In preparation for our journey to Australia, (aka, the coffee capital of the world), the website Good Food in Australia has just published an insightful critique into Melbourne Coffee Culture and has discovered that it’s part of the city’s fabric and DNA. Good Food proposes that quite simply, Melbourne has the world’s best coffee culture! To say that we are excited is simply an understatement.

Screen Shot 2016-02-02 at 3.24.48 PMImage via Thrive Market

Fact: Americans consume more than 580 million cups of coffee each day as part of their daily ritual. Studies have shown that daily consumption of caffein has been shown to have a slew of health benefits including, improving muscle performance and stamina, aids in eye-health, contains anti-cancer properties, promotes weight loss, improves overall cardiovascular health, sharpens your brain, and reduces the risk of diabetes to name a few.

Research is emerging that unroasted coffee beans provide numerous skin-related benefits when applied topically.This is especially true of one of the most commonly grown species of the coffee plant, Coffea arabica.
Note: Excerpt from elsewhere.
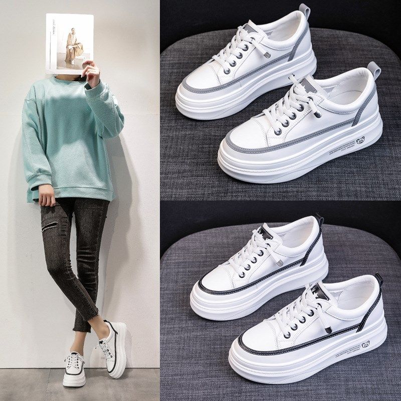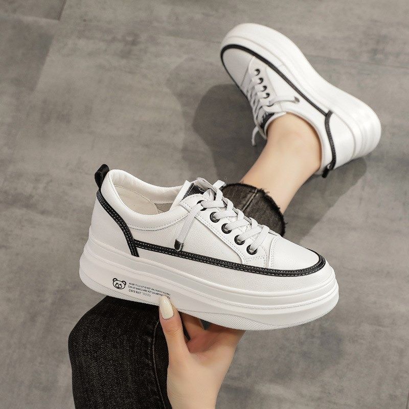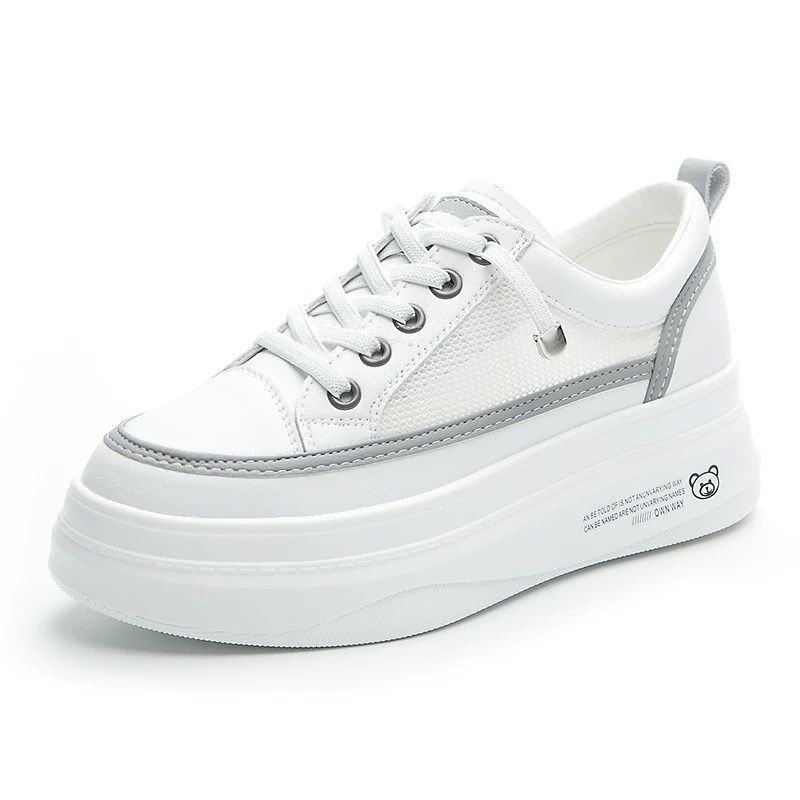 全牛皮内增高5CM网面小白鞋女厚底2025春夏百搭运动真皮透气单鞋

Coffea arabica seed oil is extracted by cold pressing green coffee beans. Its high concentration of essential fatty acids, sterols, and vitamin E make it a potent antioxidant that can offer protection against skin damage such as sunburn cell formation and DNA degradation. It can also assist in the prevention of the development of photoaging and inflammatory skin disorders. Caffeine’s ability to constrict small blood vessels and reduce inflammation is an asset in a number of creams designed to minimize dark circles and sagging skin under the eyes (our favorite eye treatment which contains caffein).

In a placebo-controlled clinical study of 40 female participants, a topical mixture containing Coffea arabica was applied twice daily as a facial wash and once per day as a lotion and night cream. After 12 weeks, treated subjects experienced significant improvements in the appearance of wrinkles,firmness, redness, and texture, compared to the control group.

These impressive results were due to Coffea arabica’s ability to increase production of collagen and elastin and to protect against the loss of moisture.

When Brazilian scientists tested Coffea arabica seed oil on human skin, they found a 1.5-fold increase in elastin production and a nearly 2-fold increase in collagen production compared to the controls. These two proteins are essential for smoothing wrinkles and preserving the firmness and flexibility of facial skin.

In addition, treated skin cells had nearly 7-fold higher expression of aquaglycerolporins-3 (AQP-3) and a 2-fold increase in the amount of glycosaminoglycans. These proteins act as a tag-team to halt moisture loss and improve skin hydration. First, glycosaminoglycans behave like a sponge to bind and trap water molecules in a water reservoir, then AQP-3 transports them to the upper layers of the skin where they reduce excessive facial dryness and fine lines.

Bottom line, we’re telling you that caffein is not only beneficial from a health standpoint, but also promotes ample anti-aging infusions topically. So….get your coffee on!

References: 

  1. Velazquez PMC, Dieamant GC, Eberlin S, et al. Effect of green Coffea arabica L. seed oil on extracellular matrix components and water-channelexpression in vitro and ex vivo human skin models. J Cosmet Dermatol. 2009 Mar;8(1):56-62.
  2. Kitagawa S, Yoshii K, Morita SY, Teraoka R. Efficient topical delivery of chlorogenic acid by an oil-in-water microemulsion to protect skin againstUV-induced damage. Chem Pharm Bull (Tokyo). 2011;59(6):793-6.
  3. Koo SW, Hirakawa S, Fujii S, Kawasumi M, Nghiem P. Protection from photodamage by topical application of caffeine after ultraviolet irradiation. Br J Dermatol. 2007 May;156(5):957-64.
  4. Palmer DM, Kitchin JS. A double-blind, randomized, controlled clinical trial evaluating the efficacy and tolerance of a novel phenolic antioxidant skincare system containing Coffea arabica and concentrated fruit and vegetable extracts. J Drugs Dermatol. 2010 Dec; 9(12):1480-7.
  5. Available at: http://www.usatoday.com/story/money/business/2013/04/09/coffee-mania/2069335/. Accessed August 2, 2013.
  6. Available at: http://www.ico.org/botanical.asp. Accessed August 2, 2013.
  7. Product monograph: Lipactive Green Coffee. Green TechNaturally. January 2008.
  8. Product monograph: Crodarom Green Coffee. Crodarom.
  9. Kaczvinsky JR, Griffiths CE, Schnicker MS, Li J. Efficacy of anti-aging products for perioribtal wrinkles as measured by 3-D imaging. J Cosmet Dermatol. 2009 Sep;8(3):228-33.